By JESSICA SILVER-GREENBERG and SUSANNE CRAIG • New York Times

A year after an embarrassing trading blowup led to millions of dollars being docked from Jamie Dimon's paycheck, the chairman and chief executive of JPMorgan Chase & Co. is getting a raise.

JPMorgan's board voted this week to increase Dimon's annual compensation for 2013, hashing out the pay package after a series of meetings that turned heated at times, according to several executives briefed on the matter. The raise — the details were not made public Thursday — follows a move by the board last year to slash Dimon's compensation by half, to $11.5 million.

When it made that deep pay cut, the board was giving a stern rebuke over the fallout from the "London Whale" multibillion-dollar trading blunder. This week, directors — gathered in a conference room at the bank's New York headquarters — discussed what message their next decision on the bank chieftain's compensation would send.

The debate pitted a vocal minority of directors who wanted to keep his compensation largely flat, citing the approximately $20 billion in penalties JPMorgan has paid in the last year to federal authorities, against directors who argued that Dimon should be rewarded for his stewardship of the bank during such a difficult period. During the meetings some board members left the conference room to pace up and down the 50th-floor corridor.

Details on the chief executive's compensation will be disclosed in the coming days, possibly as soon as Friday.

A spokesman for the bank declined to comment.
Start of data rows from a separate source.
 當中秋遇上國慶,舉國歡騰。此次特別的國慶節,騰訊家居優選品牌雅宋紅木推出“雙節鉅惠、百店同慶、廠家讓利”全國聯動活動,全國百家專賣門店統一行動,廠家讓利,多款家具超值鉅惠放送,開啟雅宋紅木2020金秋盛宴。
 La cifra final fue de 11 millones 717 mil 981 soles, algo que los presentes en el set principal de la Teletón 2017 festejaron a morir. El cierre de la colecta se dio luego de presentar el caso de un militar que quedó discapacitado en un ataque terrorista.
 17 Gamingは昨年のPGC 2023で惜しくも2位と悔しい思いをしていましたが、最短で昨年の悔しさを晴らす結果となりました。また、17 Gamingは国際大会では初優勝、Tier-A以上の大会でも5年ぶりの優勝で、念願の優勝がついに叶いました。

Dimon's defenders point to his active role in negotiating a string of government settlements that helped JPMor­gan move beyond some of its biggest legal problems. He also has solidified his support among board members, according to the people briefed on the matter, for acting as a chief negotiator as JPMorgan worked out a string of banner government settlements this year.
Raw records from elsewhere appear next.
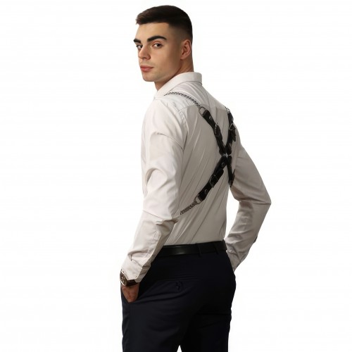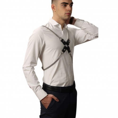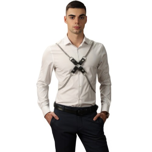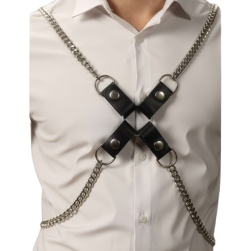 Брутальная крестообразная сбруя для мужчин с металлическими цепями
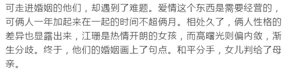 离婚的消息传开,引起了一阵轩然大波。不断有传言说某一方出轨或和别人暧昧不清,他们都在第一时间替对方澄清。高曙光说:“江珊是个很棒的女人,请大家别再用各种猜测去伤害她了。”即使不再是夫妻,他们依然维护着对方,“分手之后,我们把曾经相爱变成了美好记忆。”
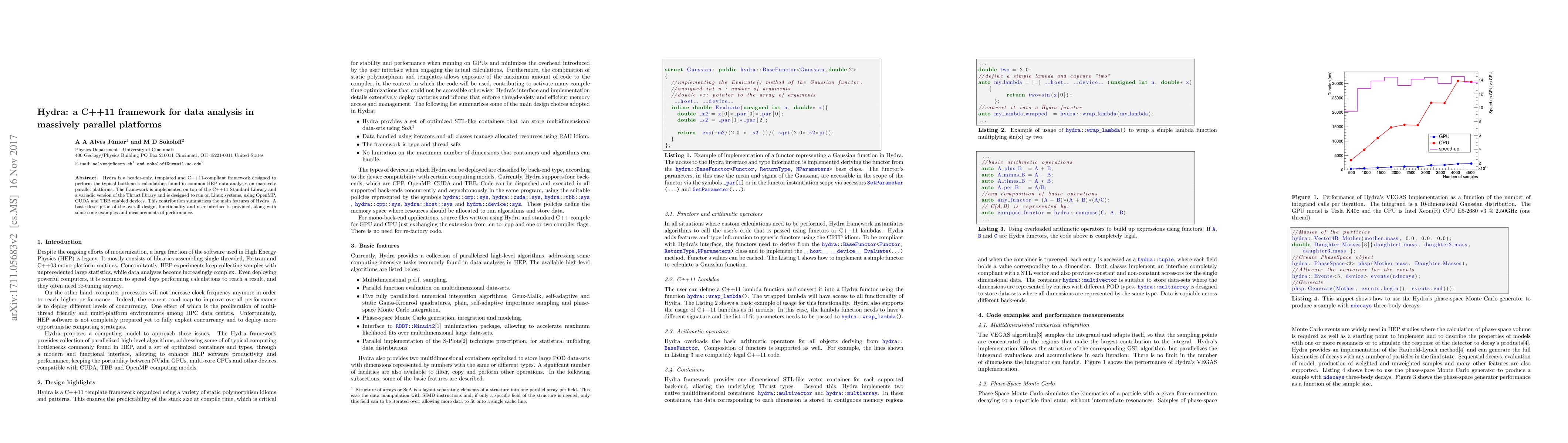 Hydra is a C++11-compliant, header-only framework for data analysis on massively parallel platforms, utilizing OpenMP, CUDA, and TBB. It leverages the C++11 Standard Library and a variadic version of the Thrust library to perform common HEP analysis calculations efficiently.
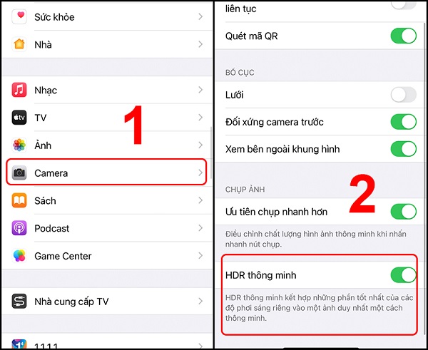 Người dùng vào phần Cài đặt >> Camera >> Bật HDR thông minh.
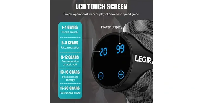 Legiral - A cordless massage gun with adjustable speed and vibration levels.

Also under his leadership, the bank has generated strong profits and its stock price is up more than 21 percent over the last 12 months.

Some board members fault what they consider to be overzealous federal prosecutors for the hefty fines, rather than Dimon or the bank, arguing that JPMorgan is being penalized for the sins of firms like Bear Stearns that it scooped up during the financial crisis.
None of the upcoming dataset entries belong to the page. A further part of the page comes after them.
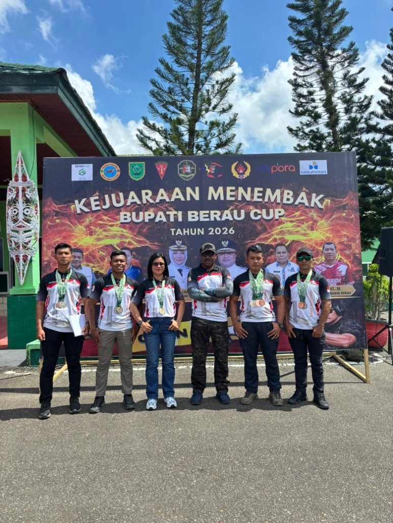 Tribratanews.kaltim.polri.go.id, Berau – Prestasi membanggakan kembali ditorehkan oleh Tim Menembak Satbrimob Polda Kalimantan Timur dalam ajang Kejuaraan Menembak Bupati Berau Cup 2026. Dalam kompetisi yang berlangsung selama empat hari, mulai 23 hingga 26 April 2026 di Lapangan Tembak Sangkuriang, Batalyon Armed 18 Buritkang, tim berhasil mengoleksi total 15 medali dari berbagai nomor perlombaan.
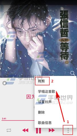 1)首先我們先打開自帶的【音樂播放器】,然後選一首你喜歡的歌開始播放,接著點擊右下角的【三點】,然後點擊【裁剪】,歌曲播放過程中,紅色線條為播放進度,可在任意時刻點擊標簽按鈕(5)做好記號,標簽6、7分別為想要截取的開始和結束位置。(如下圖)
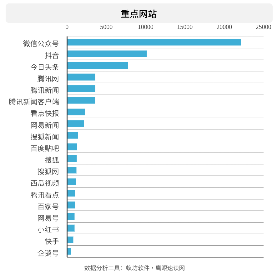 根据专业互联网舆情监测软件鹰眼速读网对行程码带星相关信息传播的主要网站进行分析,位于前三位的分别是微信公众号、抖音、今日头条。其余多集中在新闻网站和自媒体平台中。微信公众号具有可移动性强、用户群体不限、关注率高、覆盖面广、传播速度快、可积累口碑、线上服务方便、人力成本低、效果持续时间长、互动性强等特点,近年来成为信息传播的重要平台。短视频平台相较于平面信息而言更具有立体性,与此同时,抖音契合了当下网民碎片化的娱乐方式,大数据精确算法推荐,充分满足受众需求,针对不同的用户,进行不同的推送,精准化满足分众市场,因而使得信息能够快速传播,精准传播。
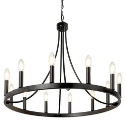 Wellmet 12-Light Black Farmhouse 40" Hexagon Wagon Wheel Chandelier$50Union, SC
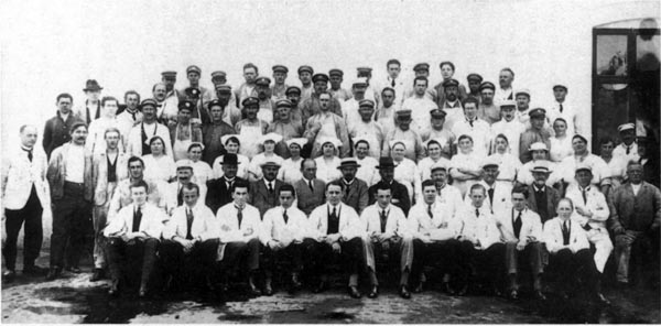 Employees at Enigheden Dairy, 1922. Martinus is the third from the left in the front row.
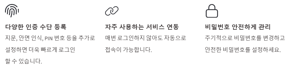 - 지문, 안면 인식, PIN 번호 등을 추가로 설정하면 더욱 빠르게 로그인 가능!
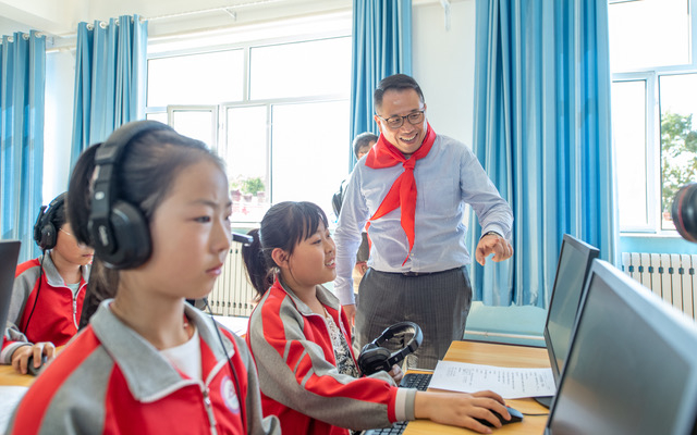 内蒙古乌兰察布市察右后旗白音察干第二小学学生在“萤火虫乐园”使用电脑
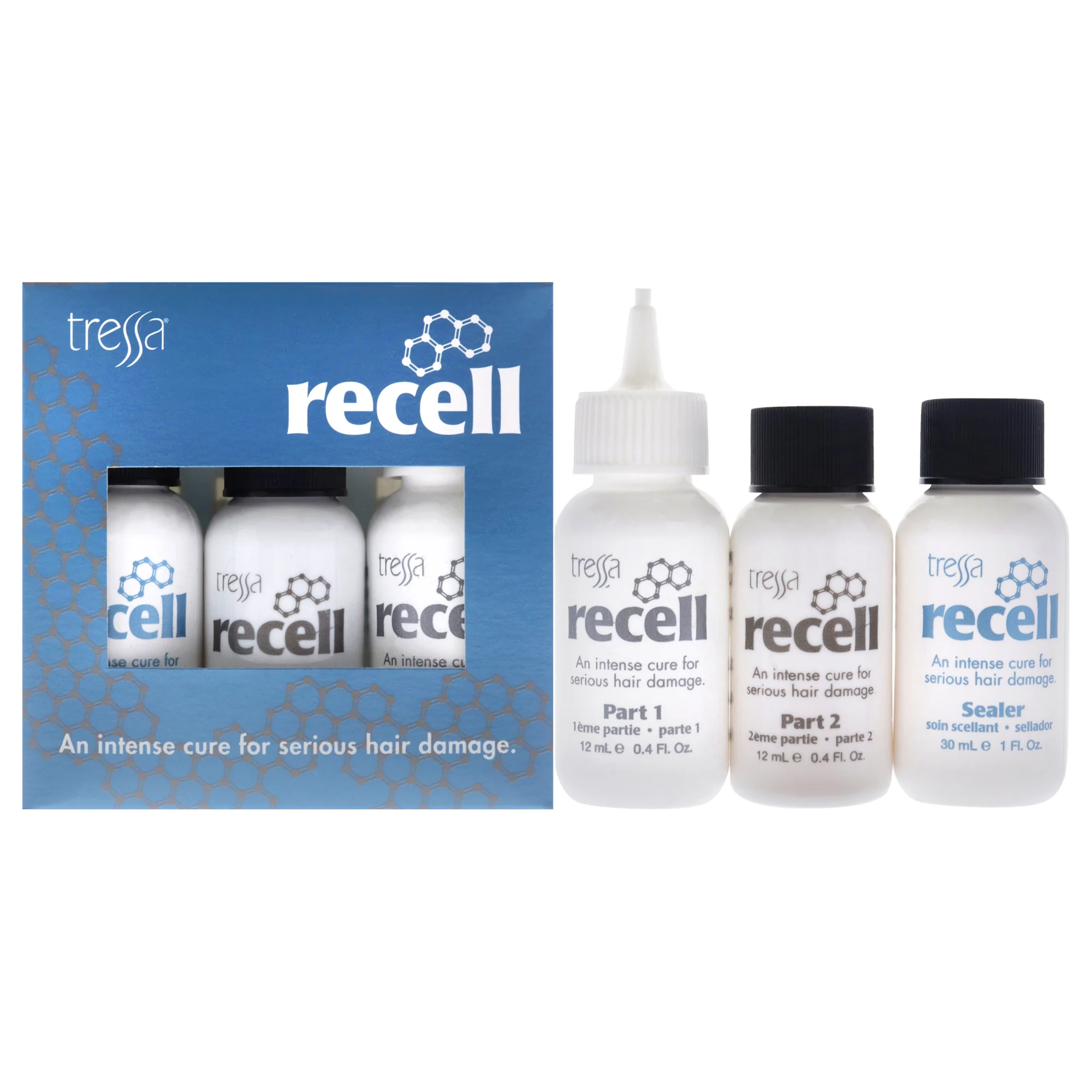Tressa Recell - Intense Reconstructor Hair Treatment Kit by Tressa for Unisex - 3 Pc 0.4oz Part 1 Hair Treatment, 0.4oz Part 2 Hair Treatment, 1oz Sealer

But many of those very problems arose under Dimon's watch, including $1 billion in fines from regulators over the trading blowup. Leaving his compensation unchanged, or reducing it, could have sent a symbolic message of contrition to authorities.

Instead, the board's decision to raise his pay may energize critics who have questioned whether the bank's directors can provide an effective check on the charismatic Dimon, who is both board chairman and chief executive. Some shareholders have argued for those jobs to be split to limit his power, but a proposal for such a division was handily defeated at the bank's annual meeting last spring.

It is unlikely that Dimon will receive anything near the $23.1 million he got for 2011, when he was the highest paid chief executive at a large bank. So far, none of the biggest Wall Street firms have released the 2013 compensation for their senior executives. Last year, Lloyd Blankfein, the chairman and chief executive of Goldman Sachs, took home $21 million.